Sunday, December 24, 2017

Christmas Eve Failure—How I Let Down Dylan Thomas and Bored Small Children

The new family sits still for a portrait about three months after the fateful Chrihstmas Eve--Kathy, Heather, Carolynne, and Patrick.


I was a bright, shiny new step father on Christmas Eve of 1981.  Kathy and I had been married all of one week.  With foolish enthusiasm, I wanted to establish our own family traditions for the holiday that, hopefully, would endear me to hearts of my new daughters.  Carolynne, nine years old, Heather only seven.
One night earlier that week I rushed from my job repairing football shoulder pads to a bookstore on Lincoln Avenue conveniently located near a favorite saloon.  Undoubtedly fueled by a couple of shots of Christian Brothers with beer backs, I plunged into the store.  I found what I was looking for—a nice small edition of one of my own favorite Christmas stories with some charming illustrations.
After dinner on Christmas Eve, and some negotiations between the girls and their mother over whether they would be able to open any “under the tree” presents that night—she let them open one—I asked them to settle next to me on the couch.  Kathy played some carols softly on the on the stereo.
I was as excited as I could be.  I could picture the girls, all grown up, reading this same story to their children fondly remembering me, of course.  I opened the book and in my most mellifluous voice began to read.
I think I read four lines before they began to squirm.  After the second paragraph, just as the story was getting going, Heather bleated out pitifully, “Mom!  This is boring!  Do we have to?”  Carolynne seconded the anguish.
Since it was not my intention to actually torture any children, I reluctantly shut my book and let them clamor down to play with the plastic pin ball game that they had opened.  I was heartbroken, but did my best to keep up a brave front. 
The evening got better.  I, notorious heathen in those days, was exposed to my first ever Christmas midnight mass with a half an hour of caroling by the congregation before the service.  We walked home from church in the sparkling cold and tucked in the girls—who woke us about 3 am to open presents.  We made them go back to sleep, but could not delay Christmas morning for long.
I never again tried to inflict my children with the story.  From Christmas to Christmas they would remind me of my foolishness.  It comes up every year around the Christmas dinner table with much laughter, so I guess I did start a tradition of sorts.
Anyway, I still love the story and privately, when no one is looking, read it for myself every year.
This year, I decided to try to share it again.  This time with you.  I hope it doesn’t make you squirm.

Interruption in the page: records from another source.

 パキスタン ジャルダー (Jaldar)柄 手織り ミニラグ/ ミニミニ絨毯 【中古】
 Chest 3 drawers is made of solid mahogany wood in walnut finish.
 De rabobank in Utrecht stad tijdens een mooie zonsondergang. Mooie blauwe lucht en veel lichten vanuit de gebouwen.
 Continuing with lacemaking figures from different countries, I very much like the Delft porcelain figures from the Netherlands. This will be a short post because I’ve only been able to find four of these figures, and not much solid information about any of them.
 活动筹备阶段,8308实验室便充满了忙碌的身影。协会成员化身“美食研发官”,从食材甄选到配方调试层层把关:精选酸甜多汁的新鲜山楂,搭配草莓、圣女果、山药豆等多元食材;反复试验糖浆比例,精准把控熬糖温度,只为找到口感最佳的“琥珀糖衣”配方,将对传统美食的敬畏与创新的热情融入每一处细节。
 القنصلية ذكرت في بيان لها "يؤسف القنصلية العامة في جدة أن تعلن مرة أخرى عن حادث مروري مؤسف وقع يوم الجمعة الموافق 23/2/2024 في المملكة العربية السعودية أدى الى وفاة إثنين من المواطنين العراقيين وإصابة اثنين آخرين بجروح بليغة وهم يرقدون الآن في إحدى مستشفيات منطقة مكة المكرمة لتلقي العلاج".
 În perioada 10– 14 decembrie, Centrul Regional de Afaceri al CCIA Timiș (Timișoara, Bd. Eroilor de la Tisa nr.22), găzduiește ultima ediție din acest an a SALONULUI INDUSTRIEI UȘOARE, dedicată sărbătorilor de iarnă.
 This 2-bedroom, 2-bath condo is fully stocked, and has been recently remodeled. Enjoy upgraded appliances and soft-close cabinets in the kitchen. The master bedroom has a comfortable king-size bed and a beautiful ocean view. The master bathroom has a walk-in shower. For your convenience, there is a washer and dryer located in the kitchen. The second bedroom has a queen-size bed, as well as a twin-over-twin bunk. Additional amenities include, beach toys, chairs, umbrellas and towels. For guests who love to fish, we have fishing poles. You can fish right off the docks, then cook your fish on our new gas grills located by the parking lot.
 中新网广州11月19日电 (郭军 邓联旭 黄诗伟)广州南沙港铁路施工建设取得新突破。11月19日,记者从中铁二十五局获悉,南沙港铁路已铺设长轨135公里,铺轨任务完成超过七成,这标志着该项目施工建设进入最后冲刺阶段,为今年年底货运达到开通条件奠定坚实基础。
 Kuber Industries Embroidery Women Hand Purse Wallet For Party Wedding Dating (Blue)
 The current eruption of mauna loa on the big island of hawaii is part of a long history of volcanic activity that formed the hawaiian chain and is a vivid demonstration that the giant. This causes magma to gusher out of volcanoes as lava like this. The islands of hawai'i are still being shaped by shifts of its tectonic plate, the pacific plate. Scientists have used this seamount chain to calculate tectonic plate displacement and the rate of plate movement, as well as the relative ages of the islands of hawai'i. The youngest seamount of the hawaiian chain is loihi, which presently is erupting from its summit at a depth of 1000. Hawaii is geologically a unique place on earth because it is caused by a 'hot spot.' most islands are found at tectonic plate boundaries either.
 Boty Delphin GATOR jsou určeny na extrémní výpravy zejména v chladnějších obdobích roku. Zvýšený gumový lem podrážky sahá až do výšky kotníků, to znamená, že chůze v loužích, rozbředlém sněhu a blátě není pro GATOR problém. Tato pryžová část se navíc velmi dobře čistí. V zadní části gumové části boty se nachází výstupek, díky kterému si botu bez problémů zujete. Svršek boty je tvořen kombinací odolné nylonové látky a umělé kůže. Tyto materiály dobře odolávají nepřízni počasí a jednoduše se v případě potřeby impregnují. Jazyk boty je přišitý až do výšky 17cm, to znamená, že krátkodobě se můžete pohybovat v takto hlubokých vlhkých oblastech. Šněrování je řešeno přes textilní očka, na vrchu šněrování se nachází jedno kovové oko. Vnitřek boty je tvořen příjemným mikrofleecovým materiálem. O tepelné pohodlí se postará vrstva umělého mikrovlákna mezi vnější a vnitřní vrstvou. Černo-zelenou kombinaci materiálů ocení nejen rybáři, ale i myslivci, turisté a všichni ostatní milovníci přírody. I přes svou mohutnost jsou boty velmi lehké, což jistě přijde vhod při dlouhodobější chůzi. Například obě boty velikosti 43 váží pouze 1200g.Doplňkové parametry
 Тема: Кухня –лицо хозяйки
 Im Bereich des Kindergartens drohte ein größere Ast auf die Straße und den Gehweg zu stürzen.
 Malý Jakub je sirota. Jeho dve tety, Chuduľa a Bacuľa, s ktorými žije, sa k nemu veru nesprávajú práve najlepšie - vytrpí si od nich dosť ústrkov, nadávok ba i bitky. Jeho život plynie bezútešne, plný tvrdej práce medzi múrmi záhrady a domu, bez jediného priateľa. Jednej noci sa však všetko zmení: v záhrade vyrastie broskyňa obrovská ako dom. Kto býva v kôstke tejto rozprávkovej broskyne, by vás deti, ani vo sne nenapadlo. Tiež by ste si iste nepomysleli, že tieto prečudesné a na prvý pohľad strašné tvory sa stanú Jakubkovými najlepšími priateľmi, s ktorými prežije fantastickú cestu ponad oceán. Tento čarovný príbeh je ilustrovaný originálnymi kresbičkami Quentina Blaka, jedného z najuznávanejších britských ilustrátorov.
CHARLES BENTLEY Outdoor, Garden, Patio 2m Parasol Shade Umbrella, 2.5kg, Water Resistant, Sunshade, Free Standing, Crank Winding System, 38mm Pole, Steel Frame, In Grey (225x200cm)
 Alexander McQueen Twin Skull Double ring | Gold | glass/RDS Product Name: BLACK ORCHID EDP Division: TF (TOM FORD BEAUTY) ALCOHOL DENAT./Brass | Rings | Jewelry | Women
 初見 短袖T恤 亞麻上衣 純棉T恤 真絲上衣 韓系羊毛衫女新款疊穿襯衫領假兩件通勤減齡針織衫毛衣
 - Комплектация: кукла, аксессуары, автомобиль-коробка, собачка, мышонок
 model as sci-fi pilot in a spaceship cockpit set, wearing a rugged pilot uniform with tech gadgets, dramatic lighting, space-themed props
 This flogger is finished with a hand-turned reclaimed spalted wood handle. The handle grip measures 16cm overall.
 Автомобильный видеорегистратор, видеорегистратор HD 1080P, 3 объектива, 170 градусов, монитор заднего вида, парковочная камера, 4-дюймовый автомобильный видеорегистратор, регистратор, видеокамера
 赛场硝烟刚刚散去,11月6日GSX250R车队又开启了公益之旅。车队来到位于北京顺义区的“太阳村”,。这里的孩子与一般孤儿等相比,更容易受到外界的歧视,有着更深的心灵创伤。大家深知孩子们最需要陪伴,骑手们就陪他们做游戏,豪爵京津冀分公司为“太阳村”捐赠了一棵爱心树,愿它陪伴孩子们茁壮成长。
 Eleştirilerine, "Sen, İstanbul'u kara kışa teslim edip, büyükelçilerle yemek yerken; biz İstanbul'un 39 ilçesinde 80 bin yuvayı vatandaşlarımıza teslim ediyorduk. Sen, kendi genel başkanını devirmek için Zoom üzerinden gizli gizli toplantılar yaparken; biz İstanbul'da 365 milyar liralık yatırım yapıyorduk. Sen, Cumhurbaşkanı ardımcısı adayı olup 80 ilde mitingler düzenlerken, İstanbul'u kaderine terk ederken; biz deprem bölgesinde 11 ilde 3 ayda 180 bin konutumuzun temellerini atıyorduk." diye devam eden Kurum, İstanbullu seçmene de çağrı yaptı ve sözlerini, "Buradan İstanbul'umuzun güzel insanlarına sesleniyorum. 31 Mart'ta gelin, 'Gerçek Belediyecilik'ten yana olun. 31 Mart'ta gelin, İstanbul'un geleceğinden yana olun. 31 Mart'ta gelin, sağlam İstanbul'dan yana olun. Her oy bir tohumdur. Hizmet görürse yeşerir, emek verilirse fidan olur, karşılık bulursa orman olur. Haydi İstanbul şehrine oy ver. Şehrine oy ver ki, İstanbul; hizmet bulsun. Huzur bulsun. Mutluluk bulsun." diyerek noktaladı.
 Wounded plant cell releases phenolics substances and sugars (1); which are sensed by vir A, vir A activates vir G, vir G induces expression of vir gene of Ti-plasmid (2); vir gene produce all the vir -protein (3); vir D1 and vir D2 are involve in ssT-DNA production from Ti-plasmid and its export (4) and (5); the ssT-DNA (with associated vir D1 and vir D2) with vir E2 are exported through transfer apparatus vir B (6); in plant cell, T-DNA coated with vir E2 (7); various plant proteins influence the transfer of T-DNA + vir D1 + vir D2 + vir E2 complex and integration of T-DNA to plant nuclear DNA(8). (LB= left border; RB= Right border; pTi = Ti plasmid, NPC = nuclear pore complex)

A Child’s Christmas in Wales
By Dylan Thomas

One Christmas was so much like another, in those years around the sea-town corner now and out of all sound except the distant speaking of the voices I sometimes hear a moment before sleep, that I can never remember whether it snowed for six days and six nights when I was twelve or whether it snowed for twelve days and twelve nights when I was six. 
All the Christmases roll down toward the two-tongued sea, like a cold and headlong moon bundling down the sky that was our street; and they stop at the rim of the ice-edged fish-freezing waves, and I plunge my hands in the snow and bring out whatever I can find. In goes my hand into that wool-white bell-tongued ball of holidays resting at the rim of the carol-singing sea, and out come Mrs. Prothero and the firemen.